# Duck VS chicken



## woofhearted (Mar 8, 2011)

I may be getting a great source of whole duck.
Can anyone tell the the differences between feeding Chicken versus Duck. 

And also a super cheap source of
Duck carcass
Duck fat
Duck organs, liver, etc.
Duck feet
Duck heads, 
Meat and fat scrap

It is definitely the scraps/garbage. But as a part of there diet what do you think? No ratio's of fat to actual organ but in the wild they would eat it all , correct?


----------



## RachelsaurusRexU (Sep 4, 2010)

All of those things are fine to feed! The biggest difference that I can think of is that duck is more fatty than chicken.


----------



## whiteleo (Sep 7, 2008)

Duck is also richer than chicken as far as proteins go. I'd trade places in a second with you, my dogs love duck!


----------



## schtuffy (May 17, 2010)

Send some duck my way too please! :biggrin: I try to feed duck whenever I can. I alternate it with chicken as a source of bone for my guy. Go for it!


----------



## Boxers&Pom's Mom (Jan 17, 2011)

I wish I can find affordable ducks. I went to the Asian Market an each duck cost $15. I really need to find a good place to buy it.


----------



## Boxers&Pom's Mom (Jan 17, 2011)

I found this farm in my area and they ship. I wonder if their prices are really high
Joe Jurgielewicz & Son : Bringing You the Tastiest Ducks Since 1984


----------



## CavePaws (Jan 25, 2011)

Ahhh, I've been wanting whole ducks forever! The only ones I can find are at the store and they are really expensive and don't have the feathers and organs like I want. !:[ I really want to feed some whole ducks as a good meal. You're so lucky!!


----------



## Boxers&Pom's Mom (Jan 17, 2011)

I can get duck carcass for 0.90 A LB. 40 LBS BOX. Do you think it will supply the duck protein that the dogs need?


----------



## CavePaws (Jan 25, 2011)

I think it would depend on how much meat is left on the duck carcass...If there isn't much then it's probably just a lot of bone and connective tissues. Kind of like chicken frames? I'd still like to get duck frames though for just something other than chicken!


----------



## Northwoods10 (Nov 22, 2010)

Boxers&Pom's Mom said:


> I can get duck carcass for 0.90 A LB. 40 LBS BOX. Do you think it will supply the duck protein that the dogs need?
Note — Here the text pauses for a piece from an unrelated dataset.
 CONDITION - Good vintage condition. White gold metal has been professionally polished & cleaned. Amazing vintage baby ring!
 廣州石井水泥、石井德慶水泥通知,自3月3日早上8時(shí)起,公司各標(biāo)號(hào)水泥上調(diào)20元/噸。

The duck carcass I got was too boney...not a ton of meat on it. But maybe you could call and see how meaty they generally are. 
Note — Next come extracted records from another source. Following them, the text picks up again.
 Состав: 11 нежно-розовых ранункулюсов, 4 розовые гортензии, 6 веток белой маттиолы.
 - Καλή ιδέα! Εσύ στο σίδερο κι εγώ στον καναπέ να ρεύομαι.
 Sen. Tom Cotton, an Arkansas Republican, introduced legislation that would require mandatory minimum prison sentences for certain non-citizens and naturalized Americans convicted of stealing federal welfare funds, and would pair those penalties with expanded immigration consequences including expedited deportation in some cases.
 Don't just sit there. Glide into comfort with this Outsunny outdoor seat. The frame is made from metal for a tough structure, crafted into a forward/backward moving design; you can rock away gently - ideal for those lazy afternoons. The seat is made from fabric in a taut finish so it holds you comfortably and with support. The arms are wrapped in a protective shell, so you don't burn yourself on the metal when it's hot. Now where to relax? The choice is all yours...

I'd say Duck is a great protein to add into the mix...just a lot fattier than chicken so I'd use sparingly. My dogs weren't a fan of duck!


----------



## Boxers&Pom's Mom (Jan 17, 2011)

They also sell 10 quarters for $33.00.


----------



## woofhearted (Mar 8, 2011)

Thanks for all your replies folks!! Fattier is good.. I am thinking as I have two high energy boxers  Its hard to keep the weight on.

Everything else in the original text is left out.